POR JOAQUÍN CARRILLO ESPINOSA, CRONISTA OFICIAL DE ULEA (MURCIA)
Recuerdos de la infancia me traen a la memoria la imborrable figura de unas personas un tanto desarrapadas, venidas de pueblos vecinos, que se dedicaban al arreglo de ollas, cazos, cacerolas, lebrillos, sartenes, jofainas y, al mismo tiempo, paraguas.
Entraban al pueblo por el carrón de la aceña pregonando que había llegado el lañador y paragüero. En una capaza de pleita llevaban las herramientas y, nada más asomar por la calle O´Donnell, acudíamos los chiquillos del barrio y le hacíamos compañía durante un corto trayecto. La chiquillería se iba renovando conforme nos íbamos quedando los que habíamos aparecido primero.
Generalmente, las paradas las hacían en las bocacalles y, allí, acudían las mujeres con sus cacharros averiados; algunos casi inservibles y muy difícil de componer; así como sus paraguas desvencijados.
Los arreglos los hacían en la calle, en la misma puerta de las usuarias y, en derredor, se arremolinaban los niños y las mujeres que esperaban sus turnos para que arreglara su objeto deteriorado. El típico arreglo de los lebrillos, cántaros, botijos, ollas; tanto de barro como de arcilla, los hacían al momento. La mayoría estaban rajados y perdían líquido y, otros estaban tan deteriorados que eran irreparables.
Era curioso contemplar como raspaban la zona dañada y, tras cubrirla con una masilla procedían al lañado. Se daba la circunstancia de que algunos estaban tan resquebrajados que al hacerles los agujeros para colocar las lañas se rompían en mil pedazos. Sin embargo, ante esa probabilidad, se lo advertía a las mujeres con la finalidad de que si ocurría tal desaguisado, nadie pudiera protestar, aunque alguna saliera enfurruñada maldiciendo en arameo.
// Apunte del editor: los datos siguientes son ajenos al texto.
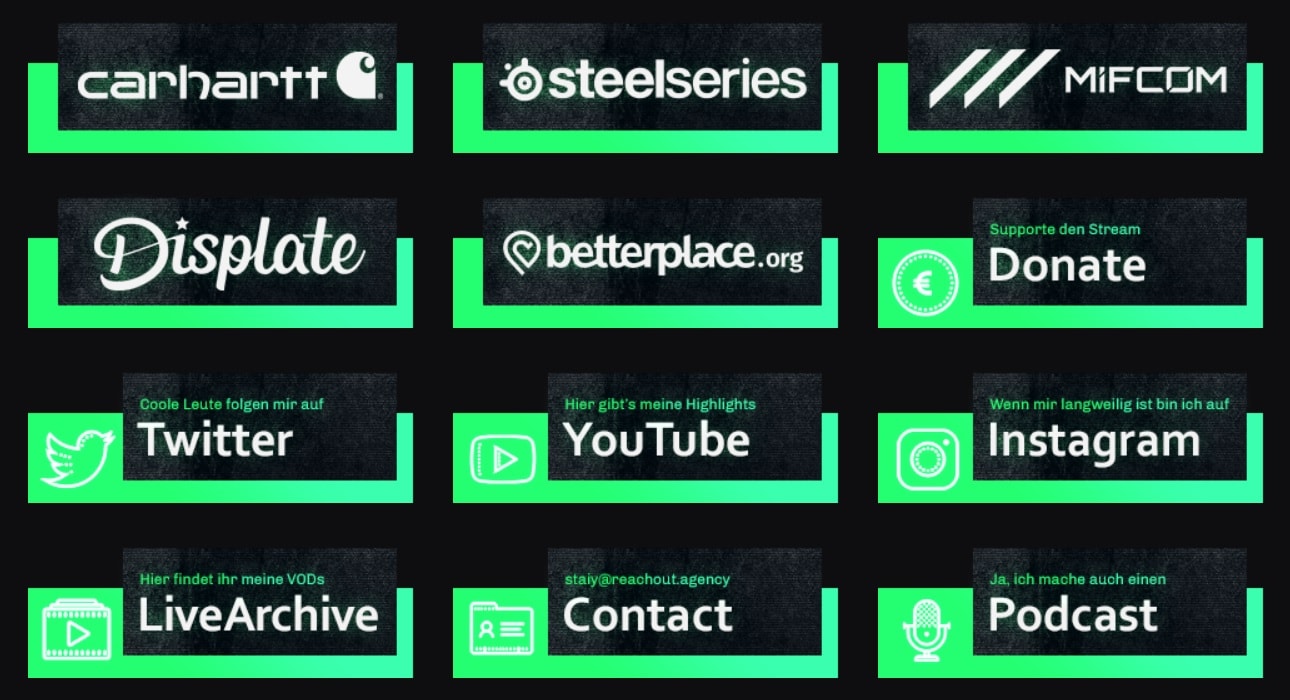 Dazu gehört schon die Möglichkeit zur ersten Kontaktaufnahme. Hast Du eine Business-Mail und kontrollierst diese regelmäßig? Sehr gut. Ist diese Adresse leicht zu finden, beispielsweise in der Beschreibung Deines Streams oder auf all Deinen Social-Media-Kanälen? Noch nicht? Dann wird es Zeit. Leg Dir ein passendes Overlay zu, das zum Teil Deiner Marke wird. Diesen Style übernimmst Du in alle Bereiche. Neben einer kurzen Vorstellung, den Chat-Regeln sowie Deinem Schedule (zeugt von Zuverlässigkeit für Sponsoren) ergänzen professionelle Grafiken die Info-Seite Deines Streams.

A veces la solución era tan precaria que, personas que habían pagado la reparación, regresaban con su olla, o cualquier otro artículo, para protestar, porque le supuraba la herida, daba agua por los agujeros producidos por las lañas o por las mismas zonas rajadas. En otros casos, además de rajadas les faltaba un trozo y les tenían que hacer un injerto. Con verdadero arte y mucha maña, hacía la intervención pero, esta reparación no era efectiva en un tanto por ciento elevado ya que muchas de ellas acababan rezumando líquido por los agujeros hechos en la arcilla o barro; como es lógico, ante las protestas de las usuarias y el encogimiento de hombros de los lañadores diciendo: mujer ¿qué le vamos a hacer?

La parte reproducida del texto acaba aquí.